Coughing up black stuff or mucus can be quite frightening, but it’s rarely harmful. You usually notice spitting black phlegm when you smoke a lot. However, you may cough up black mucus even if you are not a smoker. This usually happens if you inhale smoke or have some underlying medical conditions. It is therefore a good idea to consult your doctor if you’re coughing up black mucus.Keep reading to learn more about the underlying causes and some treatment options to get rid of your symptoms.
Why Do I Cough up Black Stuff?
The mucus you expel from your body during a sneeze or cough is phlegm which can be of different colors. The color of your phlegm helps a lot in determining your overall health. In some cases, your black phlegm is the outcome of food particles tainting your mucus, but it may also happen due to certain infections. Here are some of the most common causes of coughing up black stuff.
1. Ingesting Dark Foods
One of the most common causes of coughing up black phlegm is ingesting something dark or black. It’s usually the case in children. You may see them cough up black stuff after eating licorice or chocolate.

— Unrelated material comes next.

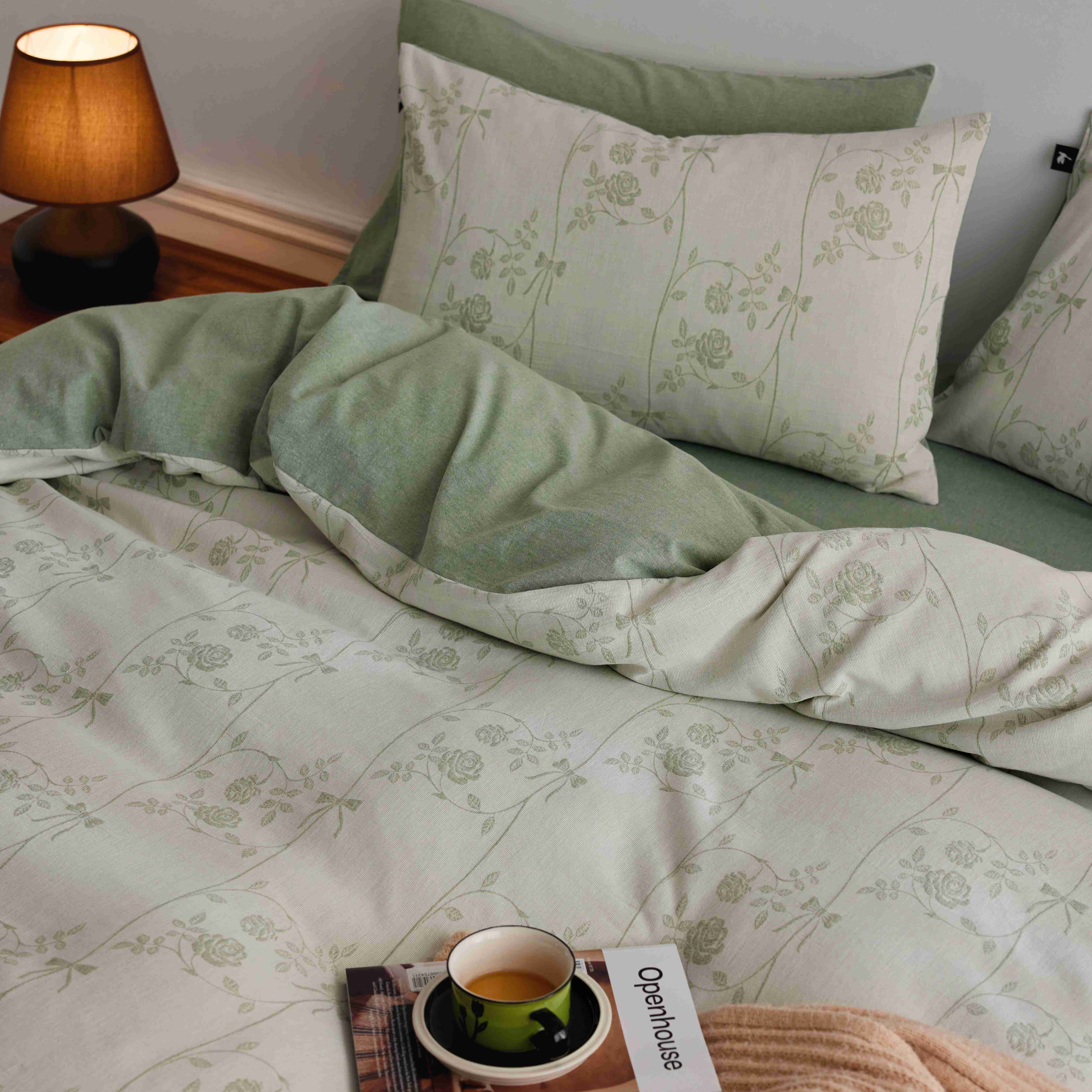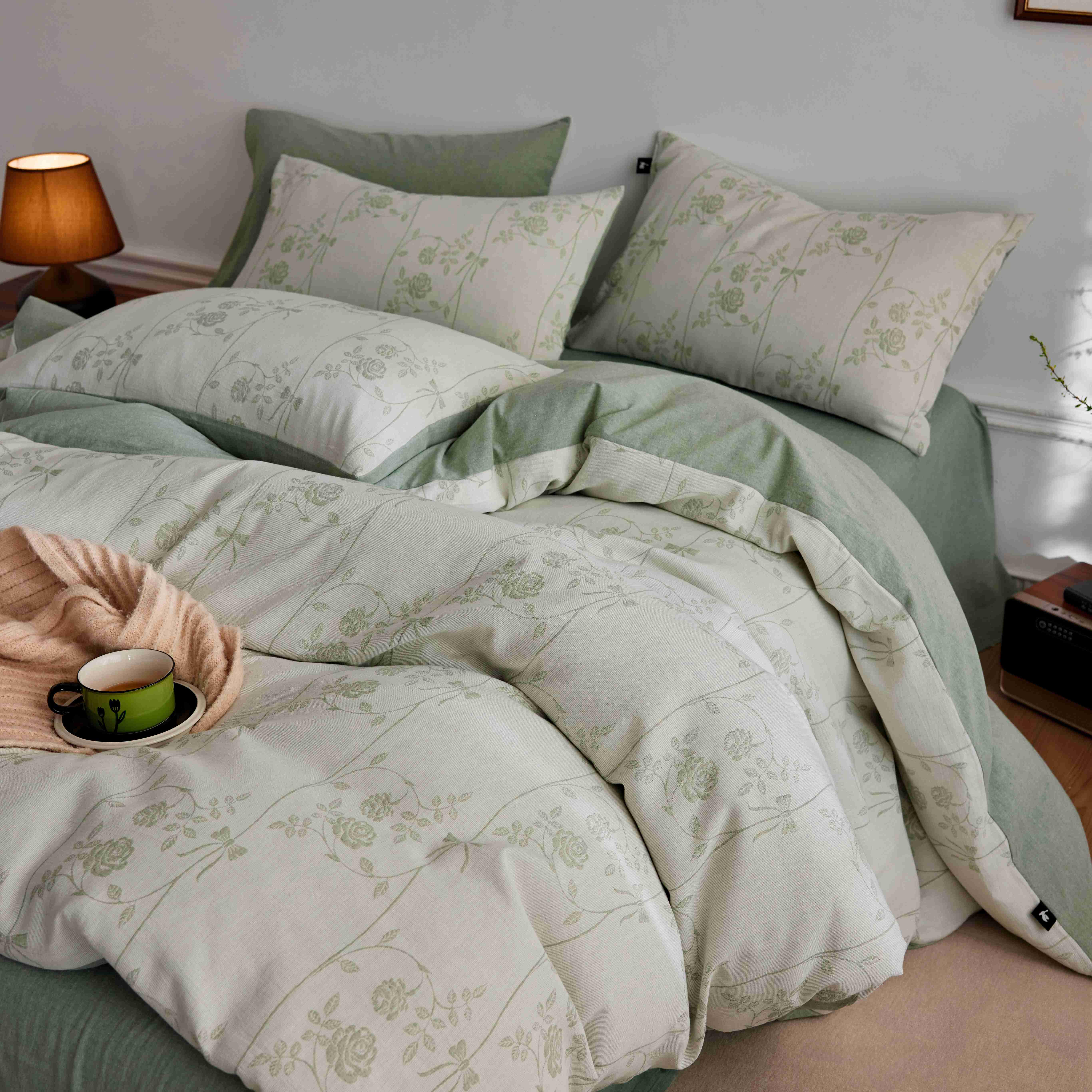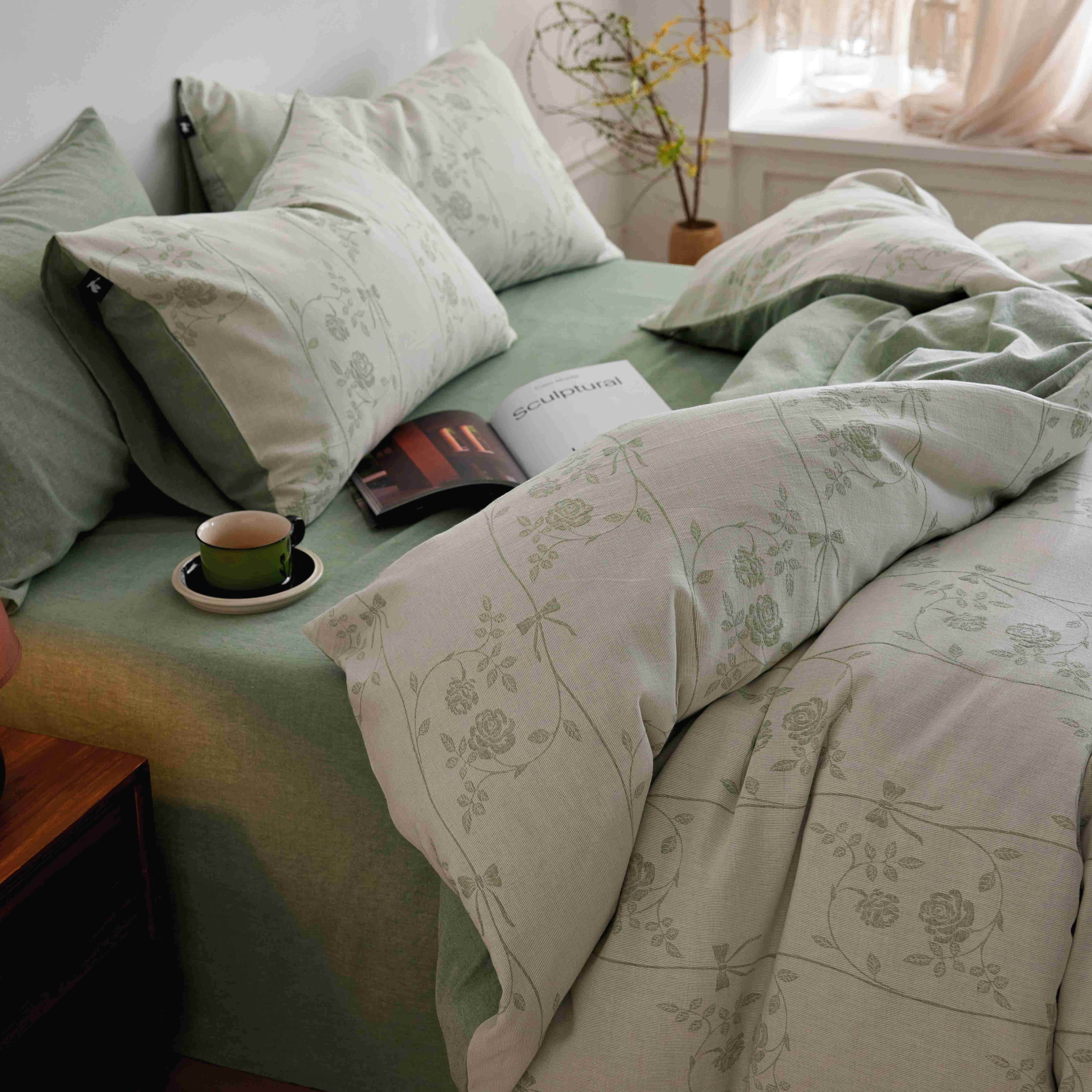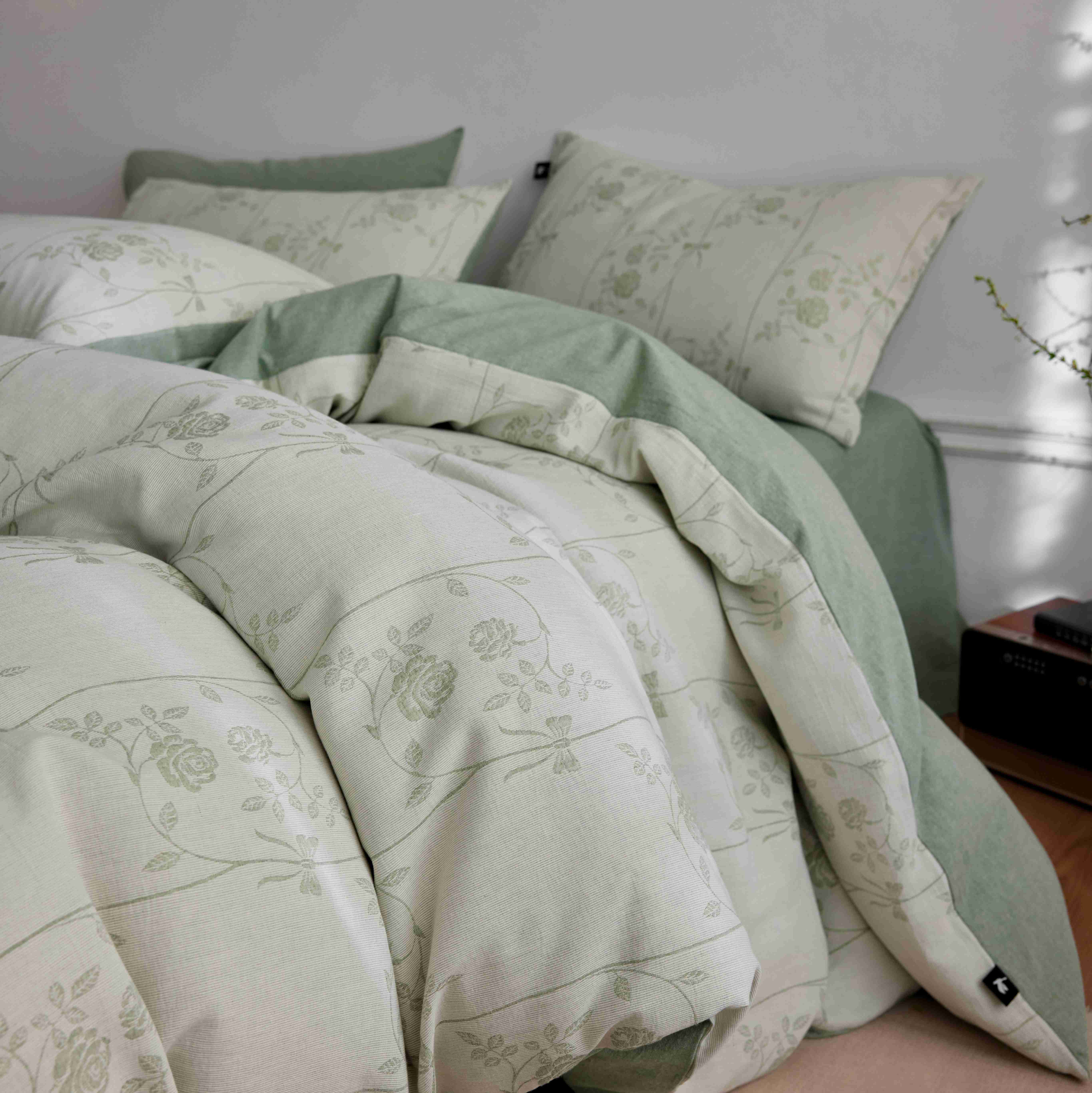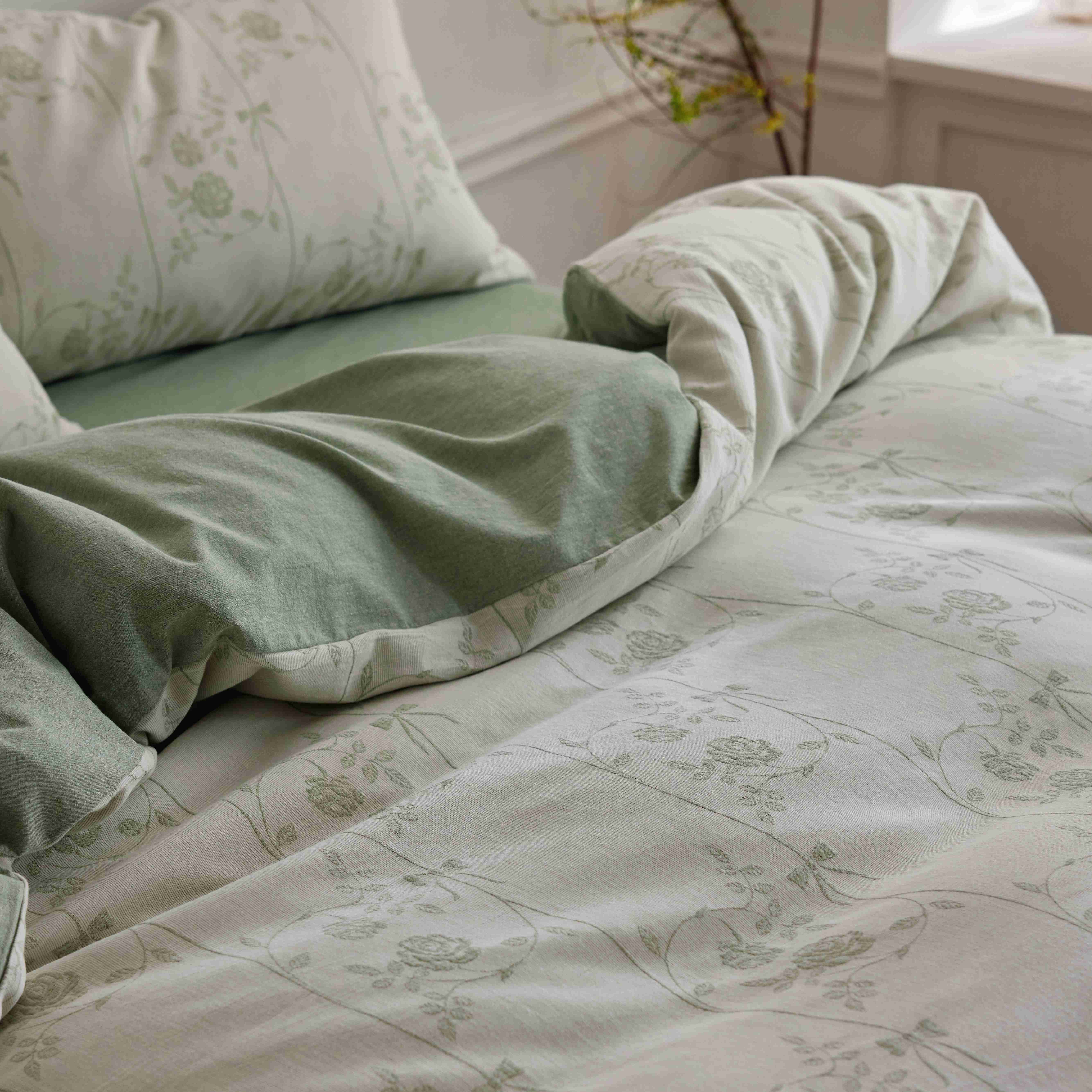 商品名称:安莱生活 2025新款60s双层纱色织大提花枝上玫瑰四件套系列 枝上玫瑰-草绿

Tiny particles of chocolates and other dark foods can stick to your mucus and change its color.
2. Inhaling Dirt and Dust
If you spend a lot of time working in dirt and dust, you may end up coughing up black stuff. Small dirt particles can stick to your mucus and taint it.
3. Smoking Heavily
Smoke inhalation is yet another common cause of coughing up black phlegm. This usually happens in case you’ve been smoking heavily. Moderate smoking may make your phlegm to turn brown or yellow, but it turns black if you’re a heavy smoker. The color of your phlegm also turns black if you smoke drugs such as marijuana or cocaine.
4. Working as Firefighters or Coal Miners
Inhaling a very large amount of smoke can change the color of your phlegm and often represents a serious medical problem. You can also find most firefighters with this type of respiratory problem. This often leads to something known as black lung disease.
5. Contracting Certain Fungal Infections
Sometimes a fungal infection may be the reason behind your condition. Mucormycosis and Aspergillosis are two fungal infections of the lungs that can make you cough up black phlegm. Your black mucus may also be the indication that you have developed a pneumonia that is triggered by fungal organisms. These are rare conditions though and usually affect people with compressed immune system.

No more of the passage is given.